Coronaviruses have genomes encoded by RNA. Therefore, a standard PCR cannot be used to detect the presence of the virus. A real-time reverse transcription PCR (RT-PCR) assay was used to detect viral RNA by targeting a consensus RdRp region of pan COVID-19 (Zhu et al. 2020) . Several companies have developedkit tests for the presence of four multiple COVID-19 genes: O, R, N, and E. Mammoth Biosciences wants to expand its efforts beyond CRISPR-based disease detection to create a prototype of a rapid POC molecular test for COVID-19 that can quickly and accurately distinguish the recently-discovered coronavirus strain from all other infectious diseases. A version of the metagenomics platform Explify Respiratory (IDbyDNA) has been upgraded to enable detection of COVID-19 and differentiate it from other coronaviruses. To further characterize the virus, de novo sequences of COVID-19 genome has been carried out from clinical specimens (bronchoalveolar-lavage fluid) and human airway epithelial cell virus isolates obtained by Illumina and nanopore sequencing.

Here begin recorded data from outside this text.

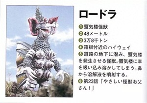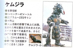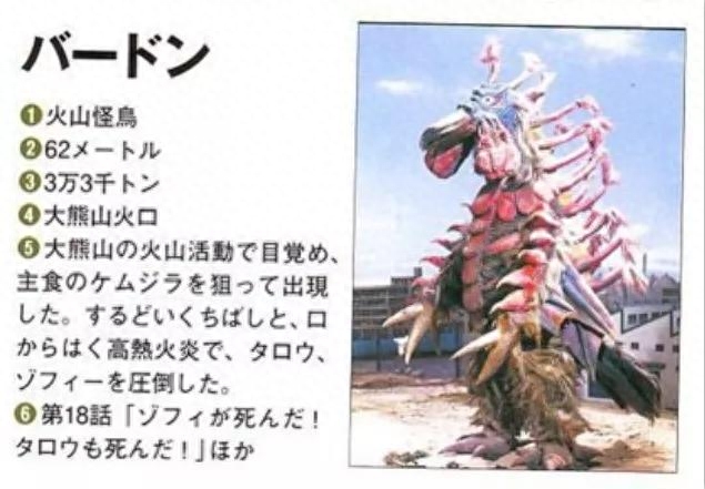 古代博物馆的文献有它的记录,随着火山活动影响而从休眠中苏醒,天敌是火山怪鸟巴顿,是火山怪鸟巴顿最喜欢吃的食物,口中能喷出毒丝,在和泰罗奥特曼的战斗中被巴顿袭击,最后被巴顿捕食。
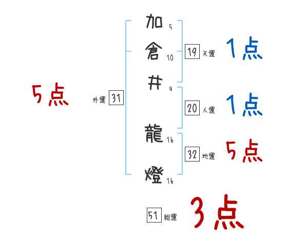 総運![]() | 加倉井龍燈さんの総運は51画の3つ星!変化が激しく、危険に注意。堅実な性格。 あなたの人生を表す1番重要な運勢です。生涯を通じて影響する総合運となり、主に50歳以降の晩年期に影響を及ぼします。 |
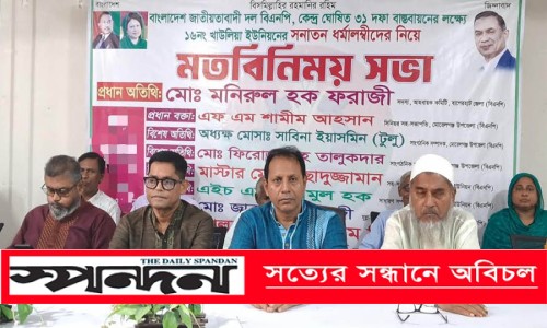 খাউলিয়া ইউনিয়ন বিএনপির সভাপতি মো. সেলিম হাওলাদারের সভাপতিত্বে অনুষ্ঠিত মতবিনিময় সভায় সভায় জেলা বিএনপির সাবেক সহসভাপতি খান মনিরুল ইসলাম, জেলা বিএনপি নেতা অহিদুল ইসলাম পল্টু অন্যান্যের মধ্যে বক্তব্য রাখেন।
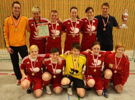 Die 19. Hallenlandesmeisterschaft der Frauen, die in einem sehr fairen Rahmen verlief, hatte am Sonntagnachmittag (06.02.) in der Jahnsporthalle Arnstadt mit dem SC 03 Weimar einen verdienten Sieger. Die Schützlinge von Trainer Thomas Müller, derzeit in der Verbandliga Vierter, gewannen dabei das Endspiel gegen den Regionalligavertreter 1. FFV Erfurt mit 2:0. "Weimar zeigte sich taktisch hervorragend eingestellt, dominierte das Finale und gewann völlig berechtigt", meinte auch Gudrun Gania, Mitglied des Frauen - und Mädchenausschusses im TFV und Turnierleiterin der fünfstündigen Veranstaltung. Die Tore erzielten Manja Seeger und Christina Malisius. Dabei war der SC 03 weiteren Treffern nahe.

Although molecular assays for direct detection of the viral genetic material are available for the diagnosis of acute infection, there is lack serological assays suitable to specifically detect SARS-CoV-2 antibodies. Molecular diagnostic tests are not useful in identifying persons who have already recovered from COVID-19, as they will no longer have detectable levels of viral RNA in their body. These recovered patients will, however, have antibodies that fight off the virus circulating in their blood. Serological assays are of critical importance for determining seroprevalence in a population, define previous exposure and identify highly reactive human donors for the generation of convalescent serum for therapy. Sensitive and specific identification of coronavirus SARS-Cov-2 antibody titers will also support screening of health care workers to identify those who are already immune and can be deployed to care for infected patients minimizing the risk of viral spread to colleagues and other patients. However, there is lack of proper test and the value of antibodies in the management of COVID-19 is questionable.

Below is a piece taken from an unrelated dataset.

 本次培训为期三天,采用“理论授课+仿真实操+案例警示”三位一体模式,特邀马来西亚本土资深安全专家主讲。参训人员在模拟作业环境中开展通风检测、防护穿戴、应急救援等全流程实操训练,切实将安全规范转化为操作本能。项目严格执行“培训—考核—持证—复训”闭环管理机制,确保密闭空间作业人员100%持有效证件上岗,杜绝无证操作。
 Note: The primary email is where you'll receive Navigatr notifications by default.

A better understanding of viral pathogenicity and zoonotic transmission is crucial for prediction and prevention of future outbreaks. Use of integrated comparative genomics and machine learning techniques has enabled identification of key genomic features that differentiate SARS-CoV-2 and the viruses behind the two previous deadly coronavirus outbreaks, SARS-CoV and MERS-CoV, from less pathogenic coronaviruses (Gussow et al. 2020 ). These features include enhancement of the nuclear localization signals in the nucleocapsid protein and distinct inserts in the spike glycoprotein that appear to be associated with high case fatality rate of these coronaviruses as well as the host switch from animals to humans. The identified features could be crucial contributors to coronavirus pathogenicity and possible targets for diagnostics, prognosis, and interventions. The predictions made through this analysis unveil potential critical features in the mechanism of SARS-CoV-2 virulence and its evolutionary history, are amenable to straightforward experimental validation, and could serve as predictors of strains pathogenic to humans.

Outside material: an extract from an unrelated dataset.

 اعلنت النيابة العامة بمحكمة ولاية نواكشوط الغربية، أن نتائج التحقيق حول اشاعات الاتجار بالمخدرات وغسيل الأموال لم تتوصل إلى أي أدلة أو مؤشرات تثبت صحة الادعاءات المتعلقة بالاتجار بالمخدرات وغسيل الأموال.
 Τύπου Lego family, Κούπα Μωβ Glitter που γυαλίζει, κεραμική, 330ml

A GWAS in Europe by Host Genetics Consortium, which included de novo genotyping for Covid-19 with respiratory failure, detected a novel susceptibility locus at a chromosome 3p21.31 gene cluster and confirmed a potential involvement of the ABO blood-group system in Covid-19 (Ellinghaus et al. 2020 ). On chromosome 3p21.31, the peak association signal covered a cluster of six genes (SLC6A20, LZTFL1, CCR9, FYCO1, CXCR6, and XCR1), several of which have functions that are potentially relevant to Covid-19. One candidate is SLC6A20, which encodes the sodium-imino acid (proline) transporter 1 and which functionally interacts with ACE-2. It seems reasonable to conclude that the chromosome 3p21.31 locus is involved in Covid-19 susceptibility per se, with a possible enrichment in patients with severe disease. This latter interpretation is supported by the significantly higher frequency of the risk allele among patients who received mechanical ventilation than among those who received supplemental oxygen only as well as by the finding of younger age among patients who were homozygous for the risk allele than among patients who were heterozygous or homozygous for the nonrisk allele.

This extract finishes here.